What is needed. Each entry is to be reproduced verbatim, and images are to be omitted.

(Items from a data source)
========================
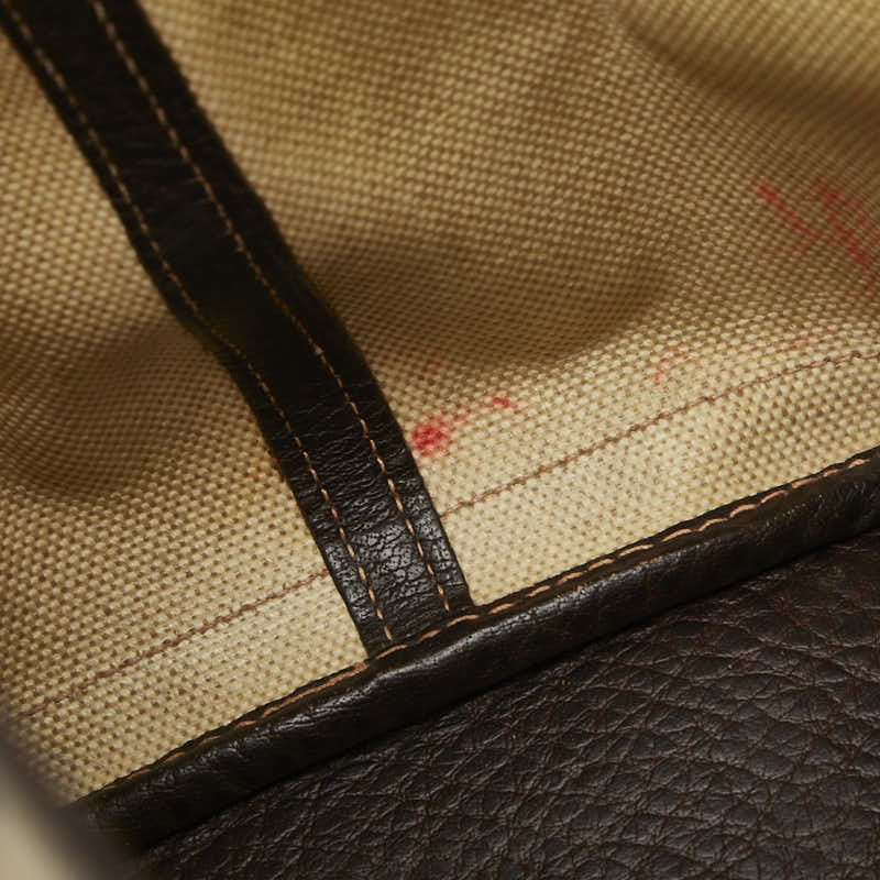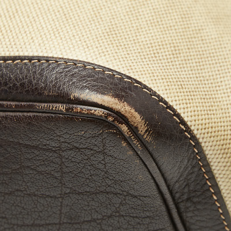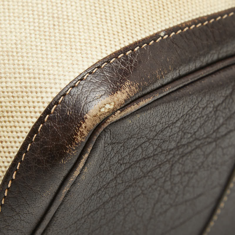 | Condition Details | Outer ⇒ Discolored, Shapeless, Stained, Slightly Rubbed bottom ⇒ corner thread Handle: Rubbed, Scratched, Broken Thread, Deformed Metal⇒Delicate Scratches Inner ⇒ Discolors, Stain, Pen marks, Broken threads |
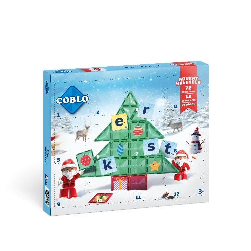 Coblo Adventskalender. Hoe leuk! Een adventskalender met magnetische tegels. Je maakt elke dag een vakje open en in totaal krijg je dan 44 tegeltoppers (plaatjes die je op de magnetische tegels kunt kleven), 28 nieuwe tegels (met kerstafbeeldingen, in groen, in rood, maar ook een magnetisch figuurtje van de Kerstman) en diverse bouwopdrachten.
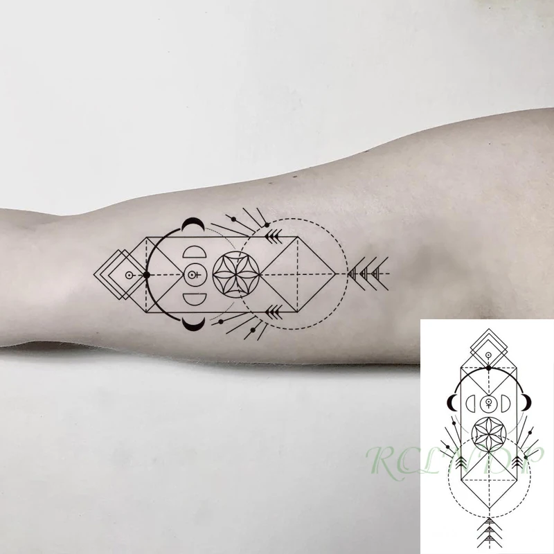 Водонепроницаемая Временная тату-наклейка полукруглая стрела четырехсторонняя Геометрическая тату флэш-тату поддельные татуировки искусство для мужчин женщин мужчин
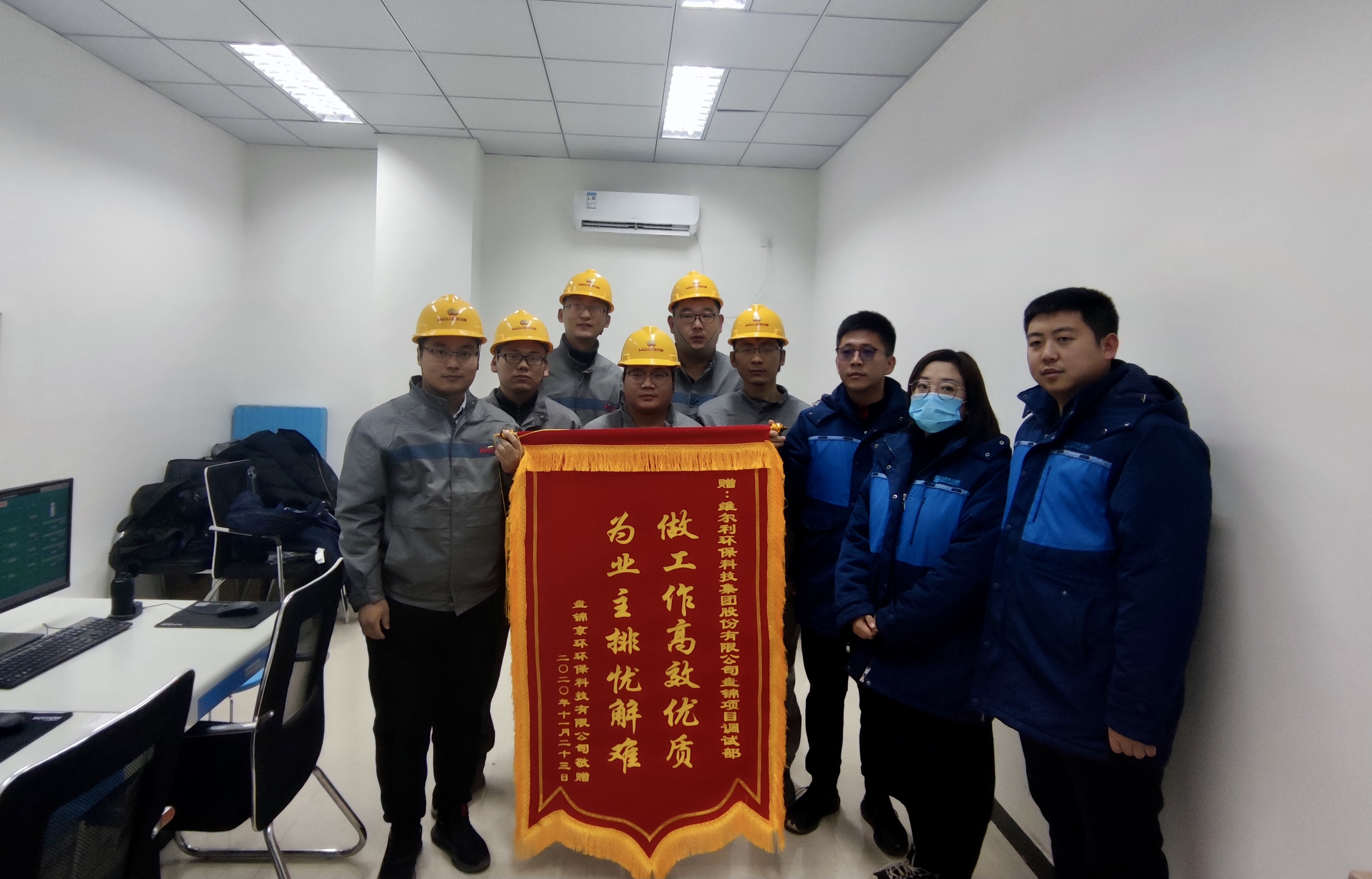 目前,本項(xiàng)目順利進(jìn)入試運(yùn)行階段,不僅減輕了現(xiàn)場滲濾液積存液處理的壓力,更為盤錦市創(chuàng)建市級“污水零直排區(qū)”提供了有效的技術(shù)支撐。為此,業(yè)主盤錦京環(huán)公司特意給維爾利盤錦項(xiàng)目團(tuán)隊制作了一面錦旗,以感謝維爾利團(tuán)隊的辛勤付出。在今后的項(xiàng)目上,維爾利團(tuán)隊將繼續(xù)發(fā)揮過硬的技術(shù),為業(yè)主提供更優(yōu)的服務(wù)。
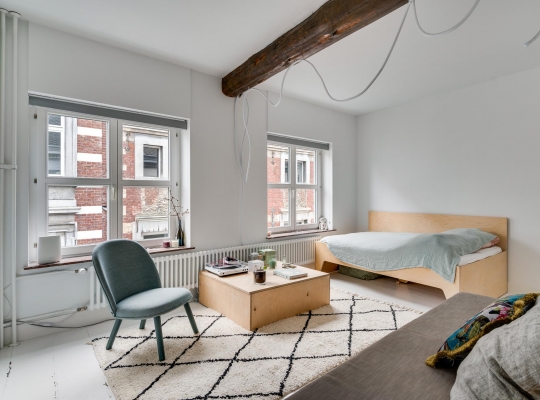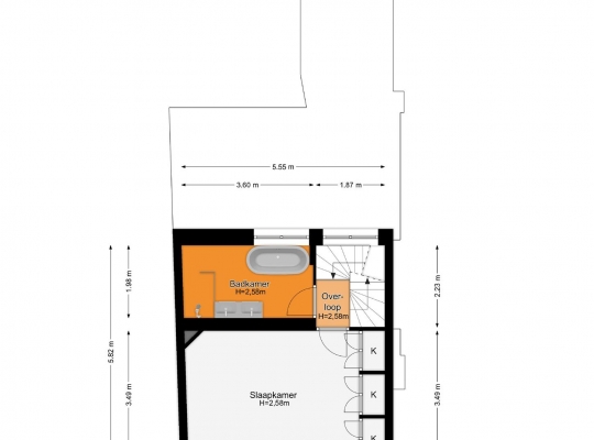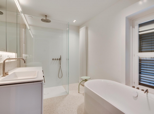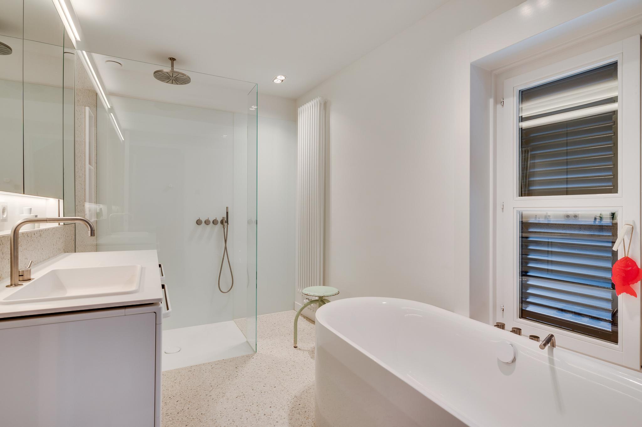 Een verdieping hoger ziet u een soortgelijke indeling met slaapkamer II (5,47 x 3,49) en badkamer II (3,60 x 1,98). De slaapkamer met lichte vloer, eikenhouten balk en op maat gemaakte kastenwand is een sfeervolle kamer waar de witte schouw een decoratieve functie heeft. De badkamer op deze etage is ingedeeld met een prachtig bad, grote inloopdouche en een wastafelmeubel. Qua materiaalkeuze en kleur is deze badkamer vergelijkbaar met badkamer I, zonder concessies te doen ten aanzien van kwaliteit en afwerking.
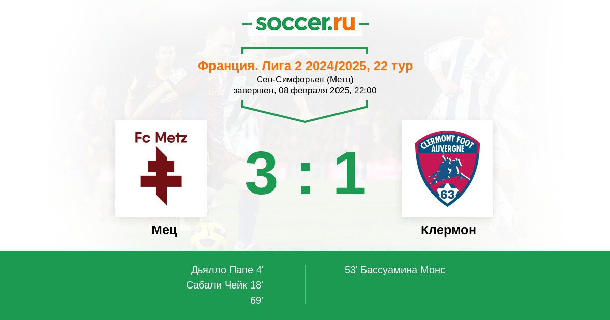 Мец - Клермон: обзор матча 8 февраля 2025
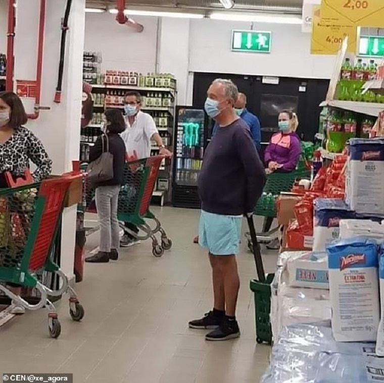 Trong bức ảnh, ông de Sous không đeo khẩu trang, kéo theo giỏ hàng và tuân thủ giãn cách xã hội khi chờ tới lượt thanh toán. Không có bất cứ cận vệ nào đi cùng ông và nhà lãnh đạo Bồ Đào Nha cũng không nhận được bất cứ đặc quyền nào.
========================
Exercise answer.
 | Condition Details | Outer ⇒ Discolored, Shapeless, Stained, Slightly Rubbed bottom ⇒ corner thread Handle: Rubbed, Scratched, Broken Thread, Deformed Metal⇒Delicate Scratches Inner ⇒ Discolors, Stain, Pen marks, Broken threads |
 Coblo Adventskalender. Hoe leuk! Een adventskalender met magnetische tegels. Je maakt elke dag een vakje open en in totaal krijg je dan 44 tegeltoppers (plaatjes die je op de magnetische tegels kunt kleven), 28 nieuwe tegels (met kerstafbeeldingen, in groen, in rood, maar ook een magnetisch figuurtje van de Kerstman) en diverse bouwopdrachten.
 Водонепроницаемая Временная тату-наклейка полукруглая стрела четырехсторонняя Геометрическая тату флэш-тату поддельные татуировки искусство для мужчин женщин мужчин
 目前,本項(xiàng)目順利進(jìn)入試運(yùn)行階段,不僅減輕了現(xiàn)場滲濾液積存液處理的壓力,更為盤錦市創(chuàng)建市級“污水零直排區(qū)”提供了有效的技術(shù)支撐。為此,業(yè)主盤錦京環(huán)公司特意給維爾利盤錦項(xiàng)目團(tuán)隊制作了一面錦旗,以感謝維爾利團(tuán)隊的辛勤付出。在今后的項(xiàng)目上,維爾利團(tuán)隊將繼續(xù)發(fā)揮過硬的技術(shù),為業(yè)主提供更優(yōu)的服務(wù)。
 Een verdieping hoger ziet u een soortgelijke indeling met slaapkamer II (5,47 x 3,49) en badkamer II (3,60 x 1,98). De slaapkamer met lichte vloer, eikenhouten balk en op maat gemaakte kastenwand is een sfeervolle kamer waar de witte schouw een decoratieve functie heeft. De badkamer op deze etage is ingedeeld met een prachtig bad, grote inloopdouche en een wastafelmeubel. Qua materiaalkeuze en kleur is deze badkamer vergelijkbaar met badkamer I, zonder concessies te doen ten aanzien van kwaliteit en afwerking.
 Мец - Клермон: обзор матча 8 февраля 2025
 Trong bức ảnh, ông de Sous không đeo khẩu trang, kéo theo giỏ hàng và tuân thủ giãn cách xã hội khi chờ tới lượt thanh toán. Không có bất cứ cận vệ nào đi cùng ông và nhà lãnh đạo Bồ Đào Nha cũng không nhận được bất cứ đặc quyền nào.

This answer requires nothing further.